In the code box below, the `curve`

function defines a vaguely heart-shaped curve. Below, we use rejection sampling to sample points along the boundary of the curve.

```
// takes z = 0 cross section of heart surface to some tolerance
// see http://mathworld.wolfram.com/HeartSurface.html
var onCurve = function(x, y) {
var x2 = x*x;
var term1 = y - Math.pow(x2, 1/3);
var crossSection = x2 + term1*term1 - 1;
return Math.abs(crossSection) < 0.01;
};
var xbounds = [-1, 1];
var ybounds = [-1, 1.6];
var xmu = 0.5 * (xbounds[0] + xbounds[1]);
var ymu = 0.5 * (ybounds[0] + ybounds[1]);
var xsigma = 0.5 * (xbounds[1] - xbounds[0]);
var ysigma = 0.5 * (ybounds[1] - ybounds[0]);
var model = function() {
var x = gaussian(xmu, xsigma);
var y = gaussian(ymu, ysigma);
condition(onCurve(x, y));
return {x: x, y: y};
};
var post = Infer({method: 'rejection', samples: 1000}, model);
viz.auto(post);
```

Try using MCMC with Metropolis-Hastings instead of rejection sampling. You’ll notice that it does not fare as well as rejection sampling. Why not?

Change the *model* to make MH successfully trace the curves. Your solution should result in a graph that clearly traces a heart-shaped figure – though it need not do quite as well as rejection sampling. Why does this work better?

HINT: is there a way you can sample a single (x,y) pair instead of separately sampling x and then y? You might want to check out the distribution DiagCovGaussian() in the docs. Note that it expects parameters to be Vectors and you can extract elements from vectors with `T.get`

(`T`

is webppl shorthand for `ad.tensor`

: for more information on tensor functions, see adnn docs).

Now change the the inference *algorithm* (with the original model) to successfully trace the curves. What parameters did you try, and what worked best?

HINT: you may want to explore HMC! start with the default parameters specified in the HMC docs and play with different values.

Consider a very simple function that interpolates between two endpoints.

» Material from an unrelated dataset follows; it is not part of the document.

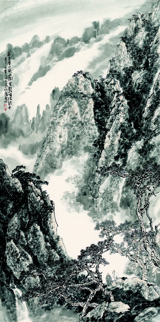 画家李庆杰被称为画界的画才和辩才,画才指他有深厚功底,作画构思巧妙,手法虚实相宜,而辩才一说是指他才思敏捷,善思考,能诙谐,让听者时有山重水复,柳暗花明之感。李庆杰的山水画于传统中汲取精华,以时代的新视角,展现出了一种当代笔墨的意趣。在此次展出的多幅山水作品中,他挥毫泼墨、勾勒渲染、直抒胸怀,他把自己置于山水之中,与挚友把酒对弈、抚琴听泉、隔溪赏苍翠,向观者传达了一股文人的清雅、高古之气,一种出世的品位与格调。
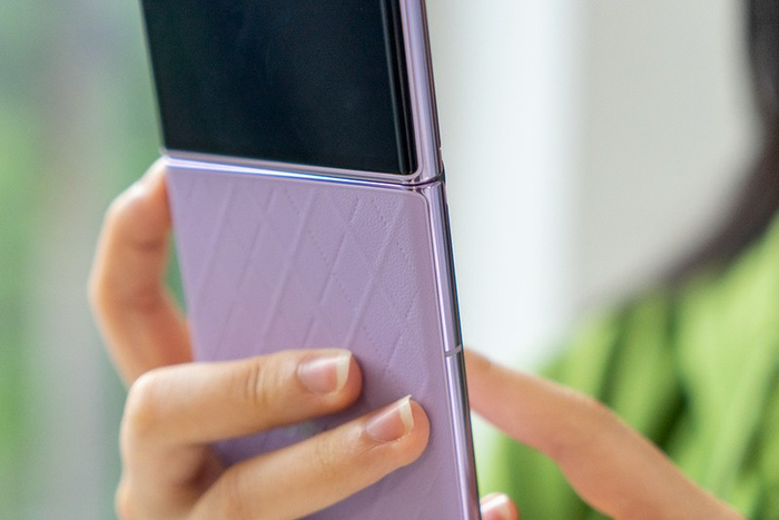 我们这次拿到的是菱紫配色的vivoXFlip,也是目前的流行色之一,这种低饱和度的紫色接近于莫兰迪色系,让手机更加耐看,也很容易与女生不同的衣服、饰物想搭配,不会抢去服饰的「风头」,vivo果然很懂女生。

Suppose one endpoint is fixed at `-10`

, but we have uncertainty over the value of the other endpoint and the interpolation weight between them. By conditioning on the resulting value being close to 0, we can infer what the free variables must have been:

```
var interpolate = function(point1, point2, interpolationWeight) {
return (point1 * interpolationWeight +
point2 * (1 - interpolationWeight))
}
var model = function(){
var point1 = -10;
var point2 = uniform(-100,100);
var interpolationWeight = uniform(0,1);
var pointInMiddle = interpolate(point1, point2, interpolationWeight);
observe(Gaussian({mu: 0, sigma:0.1}), pointInMiddle)
return {point2, interpolationWeight, pointInMiddle}
}
var posterior = Infer({
method: 'MCMC',
samples: 5000,
lag: 100,
}, model)
var samples = posterior.samples;
viz(marginalize(posterior, function(x) {return x.pointInMiddle}))
// Store these for future use
editor.put("posterior", posterior)
editor.put("samples", samples)
```

By looking at the marginal distribution of `pointInMiddle`

, we can see that `Infer()`

successfully finds values of `point2`

and `interpolationWeight`

that satisfy our condition.

Visualize the separate marginal distributions of `point2`

and `interpolationWeight`

. How would you describe their shapes, compared to the marginal distribution of `pointInMiddle`

?

Now visualize the *joint* marginal distribution of point2 and interpolationWeight. What does this tell you about their dependence?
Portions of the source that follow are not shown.